I understand what you are explaining.    You are feeling a disconnect.    Couples counseling may be helpful as that time is allotted to TALKING TOGETHER and can "reteach" her how to do this.   I am wondering if your wife is just bored.    Maybe she needs some more interests and things to feel passionate about.  It can't all come from a partner and vice versa.

Building support systems outside of a relationship are necessary.   I think having friends and interests separate.   

Have you tried talking to her a different time of day?  Morning/day off?  Do you get same reaction?  I know at night I am tired.   

Good luck & I understand... .really.  You can work thru this. 

I know the feelings that joshjoshb is talking about. In my case, my husband and I try to slice out time where we go out on the porch and talk together. Even when we spend time together, there is a disconnect. I thought I was going crazy in all honesty. But, I was validated a bit because my husband went to see a T and at his first appointment she told him that he was going to have to be more plugged in if he wanted her to help him. It was pretty basic stuff like him not making eye contact consistently and something to the effect of the lights being on but nobody was home. I had tried to explain that to my husband for quite some time. He would tell me, "Oh, but I am sitting on the couch with you and I am doing this and that." Yes, he was there physically but he was not there emotionally/mentally.

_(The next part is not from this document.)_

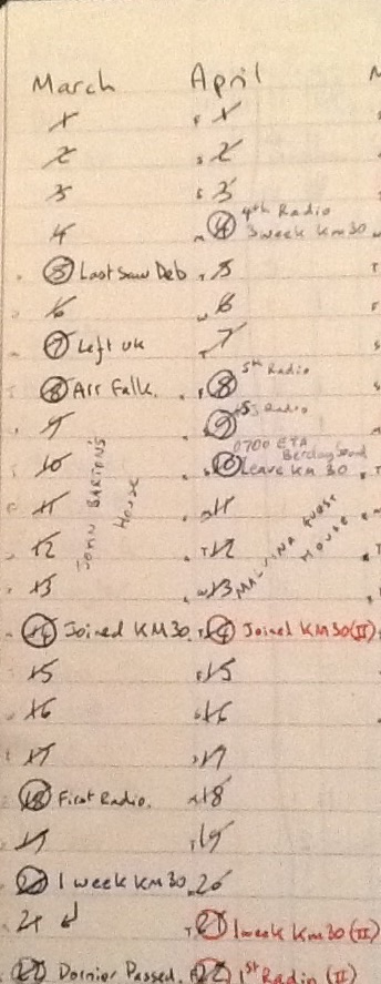 I am feeling depressed. I could be anywhere in the world. I could be happy now, instead I am stuck in my 8ft by 8ft cabin, reading or sleeping or daydreaming. I have spent only one and a half weeks away from home and am seriously doubting my spirit to cope with this job. Perhaps I ought to do a countdown of days in the back of this diary – it is as good as done!

And even when we do sit down and talk, the conversation tends to come back around to him and that is where it tends to stay. All of that contributes to my feelings of loneliness. I want somebody that I can have a real conversation with, or not even a conversation, but somebody that is fully present when with me. Sure, I can have friends outside the relationship. I can play mindless computer games and do all sorts of stuff to pass the time and combat the loneliness. The problem for me is those times when would would typically turn to an intimate partner and mine isn't there. A friend or outside interest isn't going to snuggle or spoon with me. An outside interest isn't going to give me the things that I want from an intimate, romantic relationship. Those are the specific things that are missing that lead me to feeling lonely.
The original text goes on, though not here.